XY4 belongs to the Td(M) molecular symmetry group, which consists of five irreducible representations, A_1, A_2, E, F_1 and F_2. One way to define independent bending modes is to reduce the six inter-bond angles \alpha_{ij} to five symmetry-adapted irreducible combinations, which, together with four bond lengths r_i form nine independent vibrational modes \xi_i as follows: four stretches

(2)\xi_i =r_i, \;\; i = 1,2,3,4,

two E-symmetry bends

(3)\begin{split} \xi_5^{E_a} &= \frac{1}{\sqrt{12}} (2 \alpha_{12} - \alpha_{13} - \alpha_{14} - \alpha_{23} - \alpha_{24} + 2 \alpha_{34} ), \\ \xi_6^{E_b} &= \frac{1}{2} (\alpha_{13} - \alpha_{14} - \alpha_{23} + \alpha_{24} ), \end{split}

and three F-symmetry bends

(4)\begin{split} \xi_7^{F_{2x}} &= \frac{1}{\sqrt{2}} ( \alpha_{24} - \alpha_{13} ), \\ \xi_8^{F_{2y}} &= \frac{1}{\sqrt{2}} ( \alpha_{23} - \alpha_{14} ), \\ \xi_9^{F_{2z}} &= \frac{1}{\sqrt{2}} ( \alpha_{34} - \alpha_{12} ), \end{split}

where the corresponding symmetries of the bending modes are indicated.

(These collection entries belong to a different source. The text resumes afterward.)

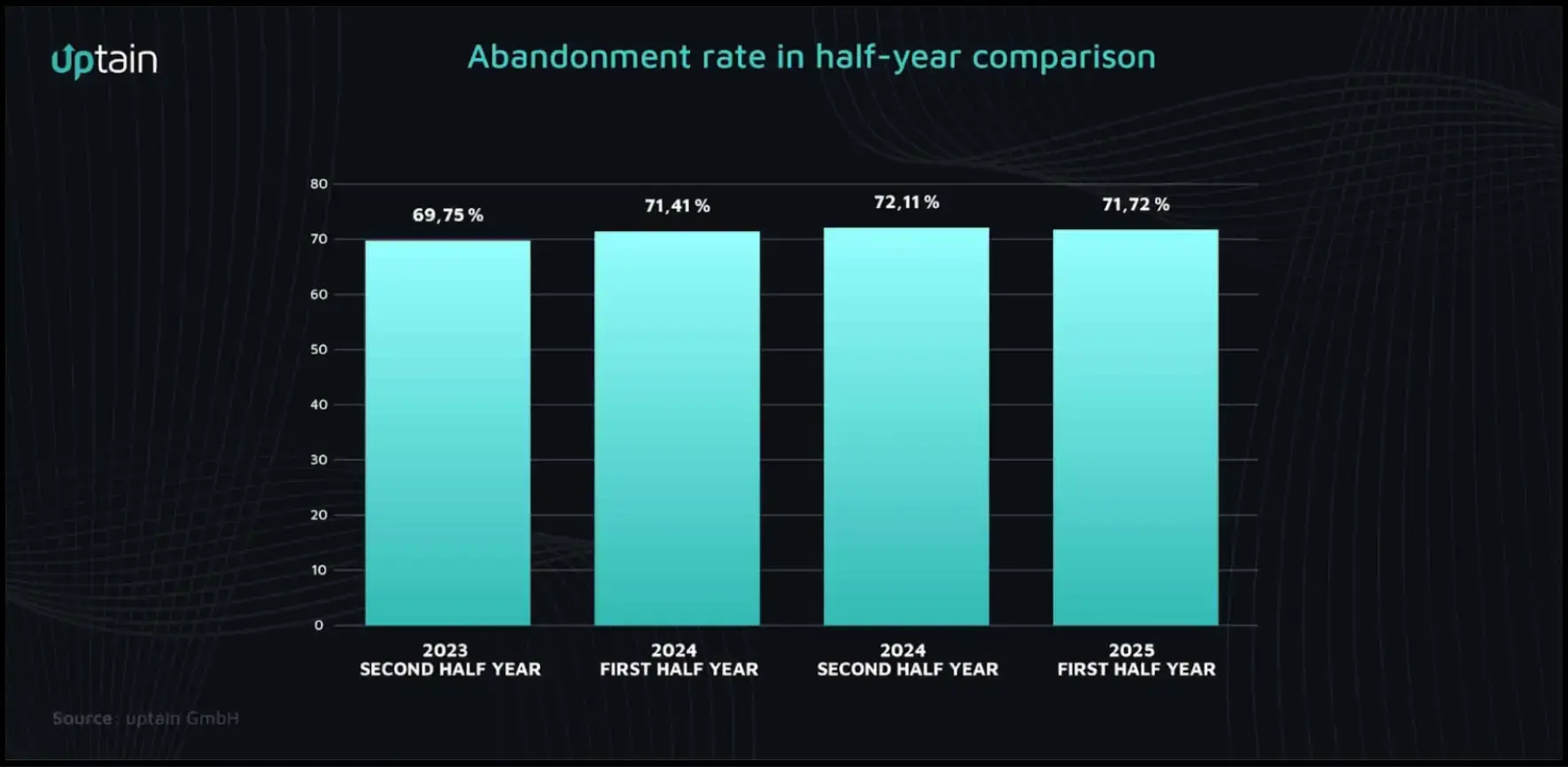 In the first half of 2025, 71.72% of shopping carts were abandoned, even though users had already shown clear buying intent.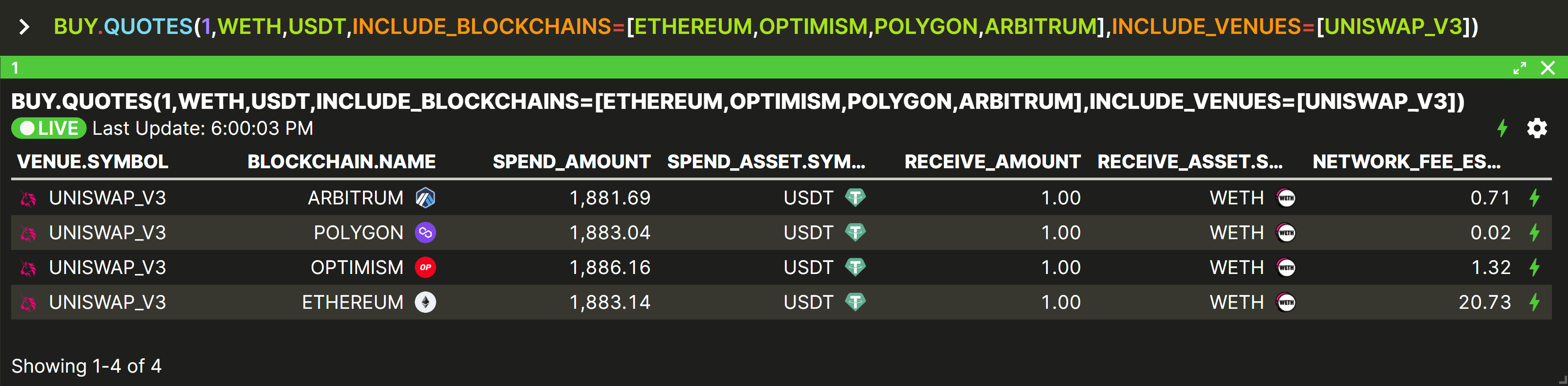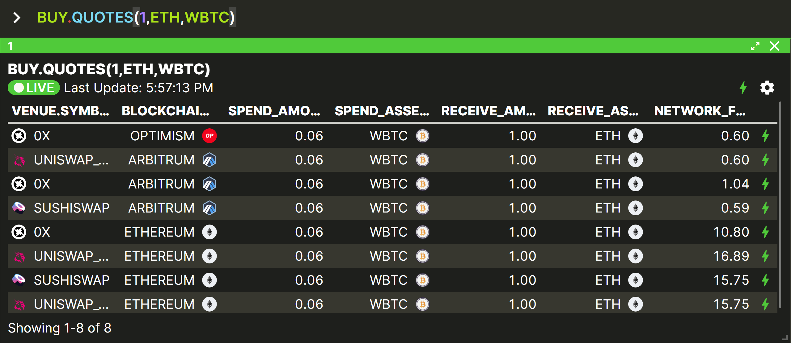 BUY.QUOTES is very similar to BUY.QUOTE except that it outputs a table showing the same quote for each supported venue on each chain, instead of just the single ‘best’ quote found on all chains.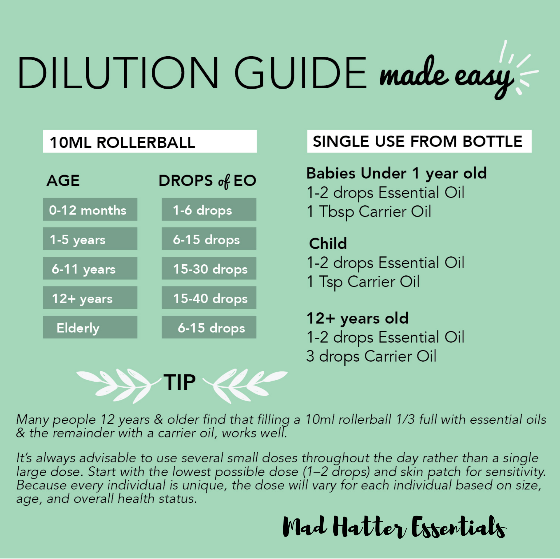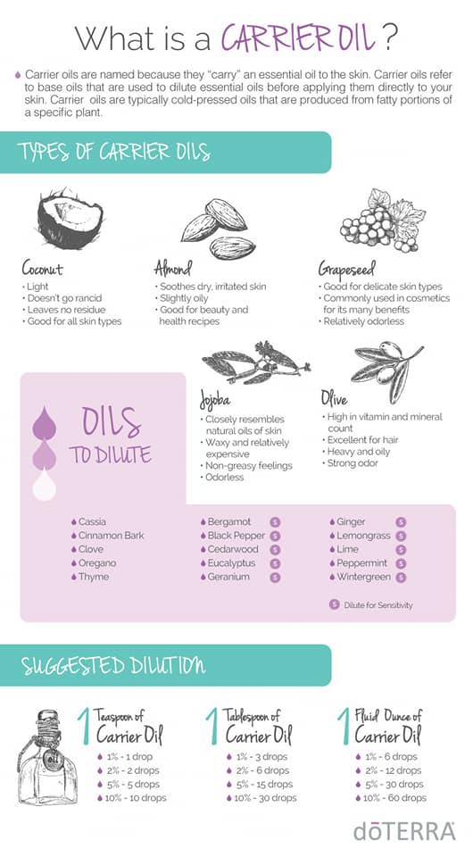 Dilution is one of our best friends with essential oils! Not only is it crucial when working with younger children, babies, elderly, or sensitive skin – but it also helps the oils work through the thick barriers of your skin to be able to get the most out of our topical applications! I highly suggesting finding a dilution chart you trust and love and save it to your phone for quick reference and stay educated about which oils you are using! dōTERRA is wonderful about informing us of “HOT” oils (can be sensitive to skin, should generally always be diluted) and “NEAT” oils (do not create as much of a sensitivity for direct topical application) – There are so many kinds of carrier oils, I prefer using fractionated coconut oil (stays in liquid form) – but many others work! Coconut, Almond, Grapeseed, Jojoba, Olive oils etc, or even an unscented lotion! Get in the habit of diluting for safe and effective topical use!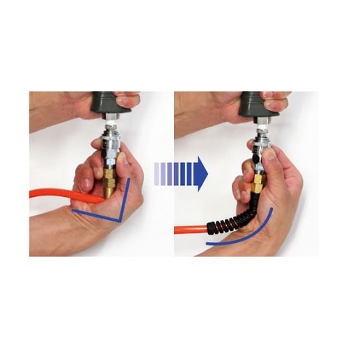 簡単ホース交換機構(継手仕様)です。必要に応じた首振り機能付きです。空圧工具使用時のエア供給用です。さまざまな機器への組み込みも容易です。狭い場所や作業台まわりに適しています。 |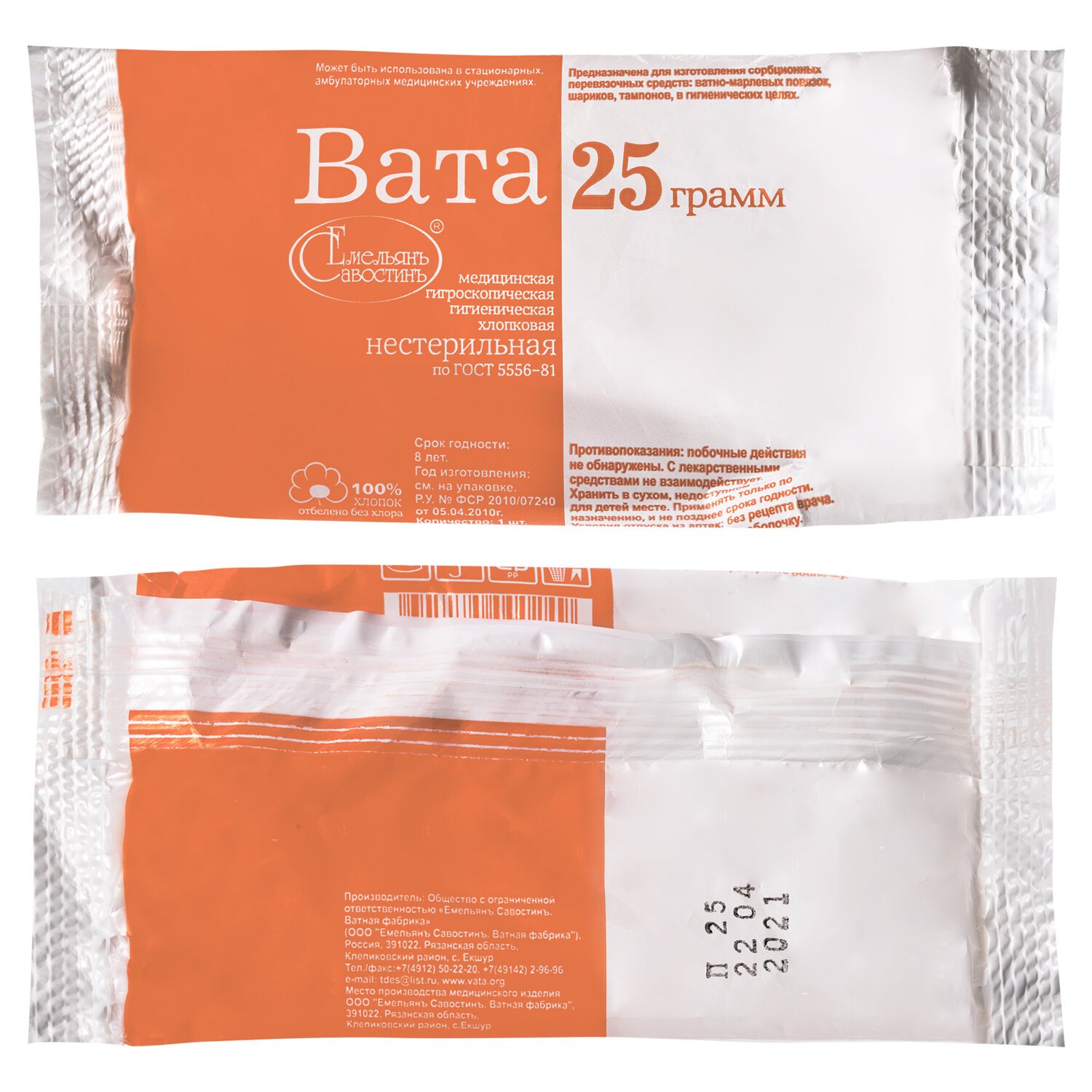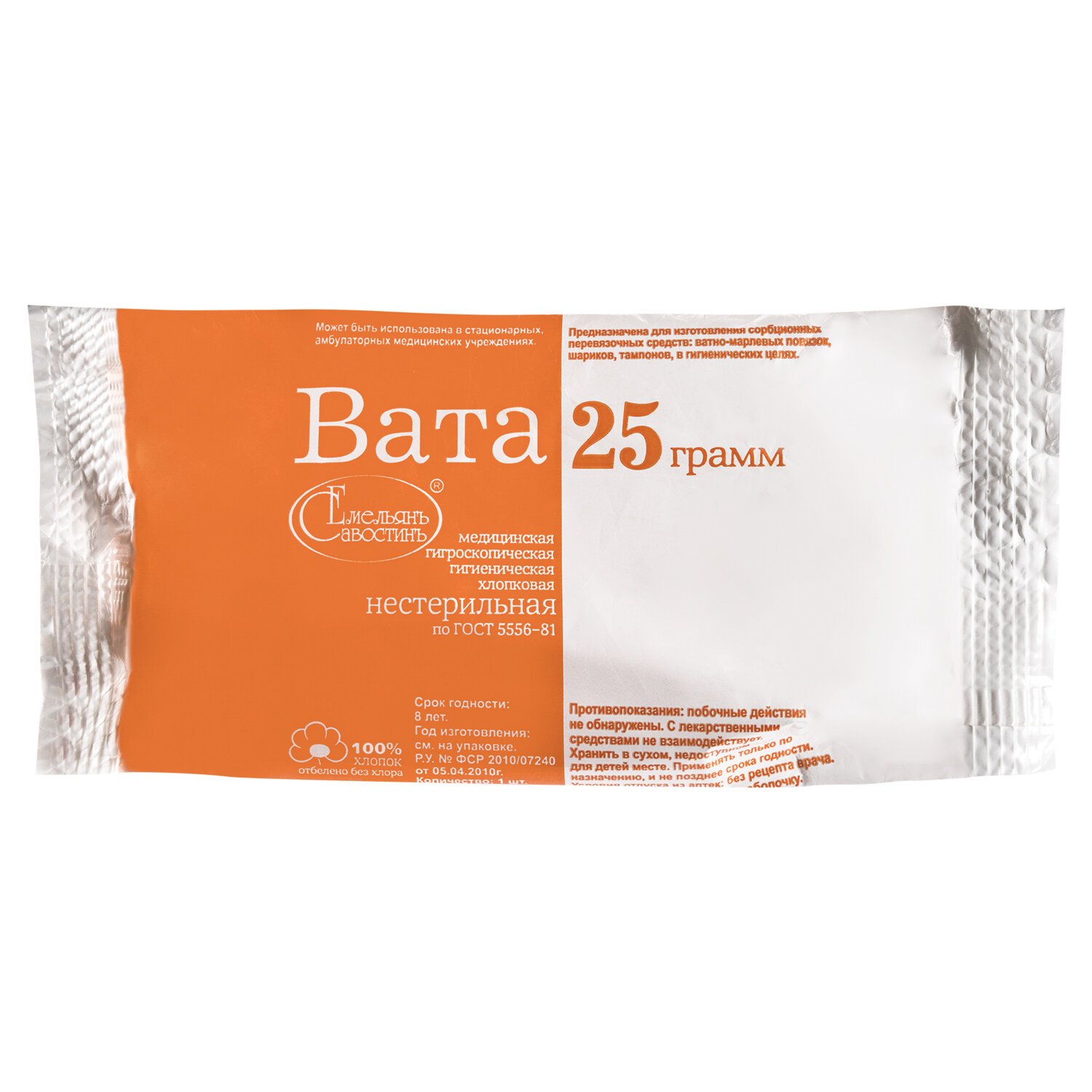 Вата гигиеническая нестерильная ЕМЕЛЬЯНЪ САВОСТИНЪ 25 г

The stretching modes r_i can also be in principle combined into symmetry-adapted coordinates in Td(M):

(5)\begin{split} \xi_1^{A_1} &= \frac{1}{2} \left( r_1 + r_2 + r_3 + r_4\right), \\ \xi_2^{F_{2x}} &= \frac{1}{2} \left( r_1 - r_2 + r_3 - r_4\right), \\ \xi_3^{F_{2y}} &= \frac{1}{2} \left( r_1 - r_2 - r_3 + r_4\right), \\ \xi_4^{F_{2z}} &= \frac{1}{2} \left( r_1 + r_2 - r_3 - r_4\right). \end{split}

Six-atomic molecules

The C2H:sub:4 molecule and the C2H4 type

MolType C2H4

C2H4_2BETA_1TAU

The internal coordinates are defined using the following 12 valence coordinates: 5 stretching (molecular bond) coordinates, 4 bending (inter-bond angles) and 3 dihedral coordinates, with the last mode as a book angle describing the relative motion of two moieties:

\begin{split} \xi_1 &= r_0 - r_{\rm e}^{(0)}, \\ \xi_2 &= r_1 - r_{\rm e}, \\ \xi_3 &= r_2 - r_{\rm e}, \\ \xi_4 &= r_3 - r_{\rm e}, \\ \xi_5 &= r_4 - r_{\rm e}, \\ \xi_6 &= \beta_1-\beta_{\rm e}, \\ \xi_7 &= \beta_2-\beta_{\rm e}, \\ \xi_8 &= \beta_3-\beta_{\rm e}, \\ \xi_9 &= \beta_4-\beta_{\rm e}, \\ \xi_{10} &= \theta_1 - \pi, \\ \xi_{11} &= \theta_2 - \pi, \\ \xi_{12} & = \theta_1 + \theta_2 - 2\tau, \end{split}

where

\tau = \left\{ \begin{array}{cc} \delta, & \delta <\pi, \\ \delta - 2\pi, & \delta >\pi, \\ \end{array} \right.

This type can be used both for rigid and non-rigid molecule types. The non-rigid coordinate is \xi_{12} in the latter case.